大田区には、区民が比較的安価に葬儀を行える「区民葬儀」という公的な制度があります。
この制度は、自治体と葬儀社が協定を結び、祭壇や火葬などの料金をあらかじめ定めているため、不透明な追加費用を抑えられるのが大きな特徴です。
本記事では、大田区の区民葬儀を利用する際の具体的な費用目安から、区役所での申し込み手順、そして信頼できる提携業者の見極め方までを徹底的に解説します。
大田区で区民葬の費用相場と制度の全体像
区民葬とは東京23区と東京都葬祭業協同組合が協定を結び、比較的安価で標準的な葬儀を行えるよう設けられた制度です。
23区内の方が対象のため、亡くなられた方または葬儀を行う方が大田区民であれば利用可能です。
しかし、「区民葬=すべてがセットで定額」というわけではありません。

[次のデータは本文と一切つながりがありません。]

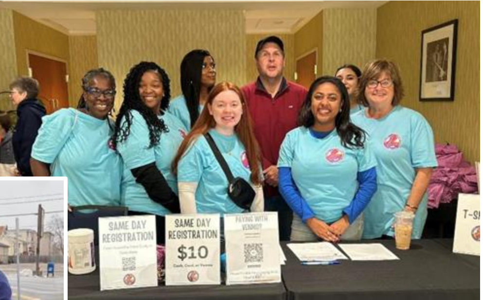
Family and Community Resources
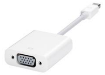
Apple HDMI/VGA connector

* Connecting a device via MAC requires using the HDMI/ VGA connector located in the front of the classroom, along with bringing your own Apple HDMI/VGA connector. *
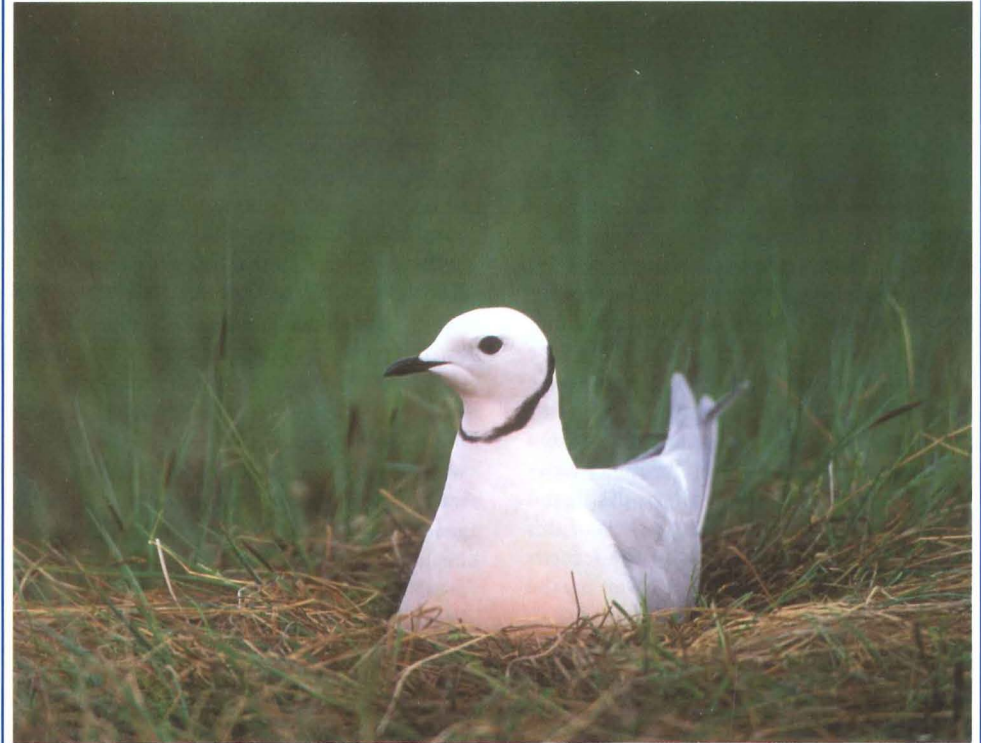
366. Ross's Gull Rhodostethia rosea, near the Indigirka River, northeast Siberia, June 1999.
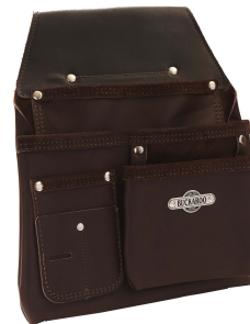
3 Pocket Formwork Bag - Brown W260mm x H350mm SKU: NBF3
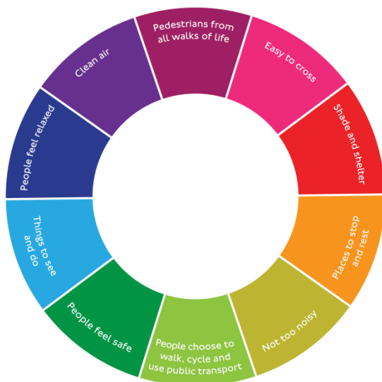
Figure 10.1 - The Ten Healthy Streets Indicators

10.2.8 The Mayor has a long-term vision to reduce danger on the streets so that no deaths or serious injuries occur on London's streets. This Vision Zero will be achieved by designing and managing a street system that accommodates human error and ensures impact levels are not sufficient to cause fatal or serious injury. This will require reducing the dominance of motor vehicles and targeting danger at source.
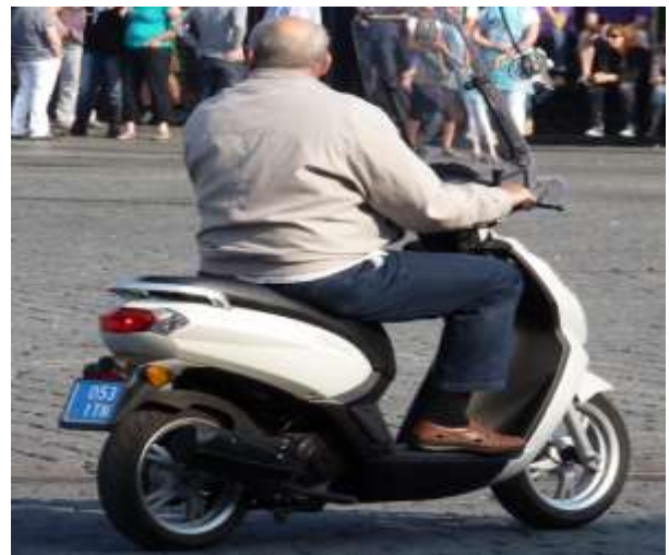
Scooters are very popular due to gas costs
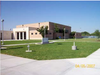
Lamar Consolidated High School
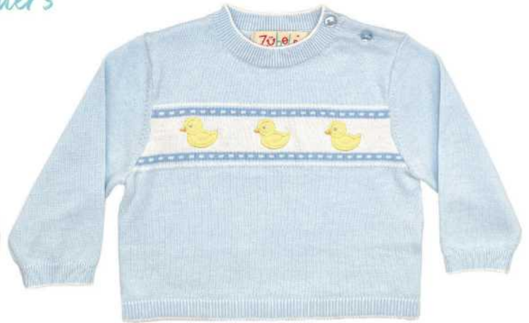
DUCBS - appliqué knit ducks 3m, 6m, 9m, 12m
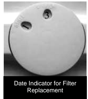
Date Indicator for Filter Replacement
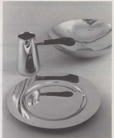
Handmade pewterware by Raymond Cox.

The exhibition is arranged in six sections: fibre, featuring basketry, weaving and textile crafts; glass, including stained glass and free-blown pieces; wood, including bowls, covered boxes, musical instruments and furniture; leatherwork,
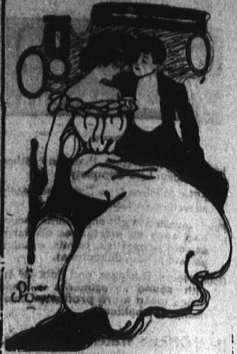
PRETTY NEAR IT.

She—Miss Oldgirl is to be married next month and she will live abroad. He—It will be hard for her parents to lose her. She—Oh! I don't know. They've been trying hard to lose her for the past 12 years.
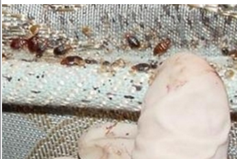
The above picture shows live bugs and black fecal staining within a mattress seam.

Bed bugs love to hide in cracks and crevices typically near their food source, YOU! So begin your search in rooms where people sleep, such as bedrooms, the living room, den, etc. Use a magnifying glass to look for live bugs, shed exoskeletons and small fecal spotting (dark colored staining) in the following areas:
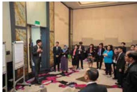
LEFT: ASEAN-OSHNET members touring Singapore after the policy dialogue. RIGHT: Break-out Session at the policy dialogue.
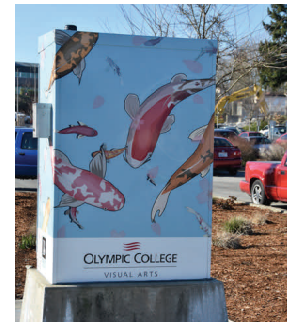
Executed art on cabinet
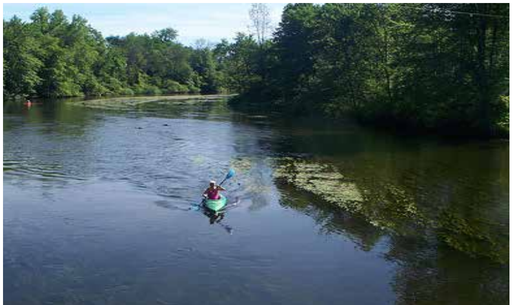
Flat River paddler.
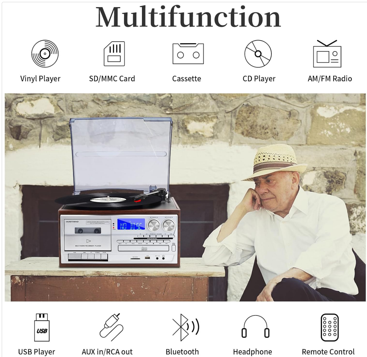
Figure 3.2: Overview of the MUSITREND T408's multiple functions.
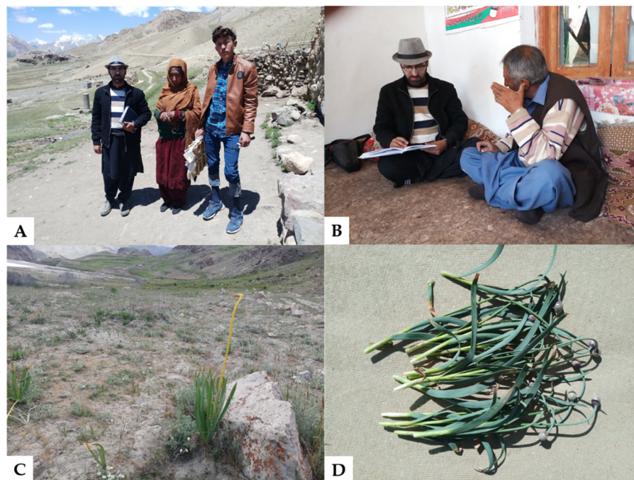
Figure 2. Informants interviewed among the Sarikoli (A,B); Photos of Eremurus stenophyllus (C) and Allium carolinianum (D).

and the collected specimens were identified by the third author with the help of the Flora of Pakistan [22–25]. The specimens were assigned voucher numbers and incorporated into herbaria, subsequently submitted to the Department of Botany, University of Swat, Khyber Pakhtunkhwa, Pakistan. The scientific nomenclature of each taxon was verified through The Plant List database [26] and family assignments were consistent with the Angiosperm Phylogeny Website [27].
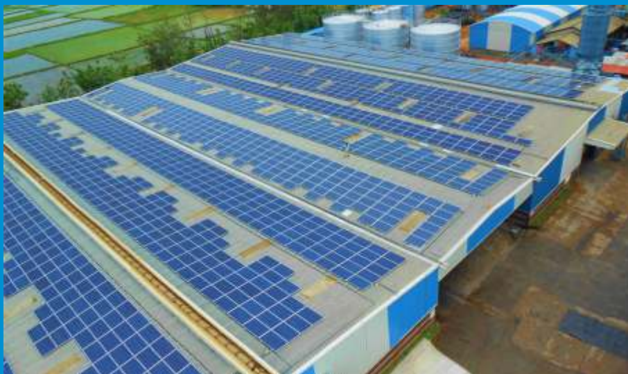
500 kilowatt rooftop project installed by Orb

*Specifications are subject to change without notice

制度で定められているのは、主に「祭壇」「霊柩車」「火葬」「遺骨収納容器」の4項目のみであり、これらを組み合わせて利用する仕組みとなっています。
祭壇料金
祭壇料金は通常の種類と長尺棺それぞれ4種類、合計8種類あります。
通常の種類
通常の種類は「A1券(金らん5段飾)桐張棺」「A2券(金らん4段飾)桐張棺」「B券(白布3段飾)プリント棺」「C券(白布2段飾)プリント棺」の4種類あり、2026年6月9日時点では以下の金額です。
| 区分 | 料金(税込) |
| A1券(金らん5段飾)桐張棺 | 312,180円 |
| A2券(金らん4段飾)桐張棺 | 259,600円 |
| B券(白布3段飾)プリント棺 | 136,400円 |
| C券(白布2段飾)プリント棺 | 100,100円 |
※満6歳以下は全ての区分で1,100円引き
出典:「大田区 区民葬儀について 利用料金)」(祭壇料金 参照)
https://www.city.ota.tokyo.jp/tetsuzuki/shibou/kuminsouginitsuite.html
長尺棺
長尺棺の種類も「A1券(金らん5段飾)桐張棺」「A2券(金らん4段飾)桐張棺」「B券(白布3段飾)桐張棺」「C券(白布2段飾)桐張棺」の4種類あり、2026年6月9日時点では以下の金額です。
| 区分 | 料金(税込) |
| A1券(金らん5段飾)桐張棺 | 325,380円 |
| A2券(金らん4段飾)桐張棺 | 272,800円 |
| B券(白布3段飾)桐張棺 | 171,600円 |
| C券(白布2段飾)桐張棺 | 135,300円 |
出典:「大田区 区民葬儀について 利用料金)」(祭壇料金 参照)
https://www.city.ota.tokyo.jp/tetsuzuki/shibou/kuminsouginitsuite.html
なお、祭壇を利用せず寝棺のみにもすることができますが、棺の金額に加えて人件費などが発生しますので詳しくは担当の葬儀社スタッフに確認しましょう。
霊柩車
霊柩車は宮型指定車と普通霊柩車の2種類あり、2026年6月9日時点では以下金額となります。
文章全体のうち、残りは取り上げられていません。